[x] I have checked that this issue has not already been reported. (As far as I can see by using the search)
[x] I have confirmed this bug exists on the latest version of pandas.
[x] (optional) I have confirmed this bug exists on the master branch of pandas.
Note: Please read this guide detailing how to provide the necessary information for us to reproduce your bug.
# Your code here
import datetime as dt
import pandas as pd
start_time = dt.datetime(year=2018, month=6, day=7, hour=18)
end_time = dt.datetime(year=2018, month=6, day=27, hour=18)
time_index_df = pd.date_range(
start_time,
end_time,
freq="12H",
name="datetime",
).to_frame(index=False)
time_index_df["test"] = 1
time_index_df["name"] = "Name"
time_index_df = time_index_df.resample("2d", convention="end", on="datetime").mean().reset_index()
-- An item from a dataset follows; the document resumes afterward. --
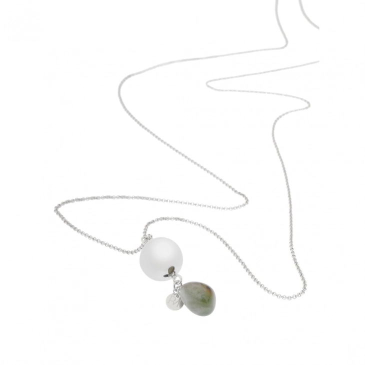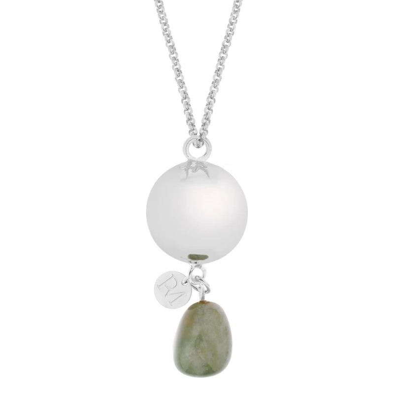 Μενταγιόν Εγκυμοσύνης Ανοξείδωτο Ατσάλι 110εκ. Silver Linn Βρυώδης Αχάτης Proud Mama PM-638

print(time_index_df["datetime"].values)
time_index_df.to_csv(f"test_resample_{pd.__version__}")
On pandas 0.23 the behaviour of resample will keep the correct datetime (18:00 in this case) after resample.
But starting from 0.24, after resample, the datetime is now converted to (00:00).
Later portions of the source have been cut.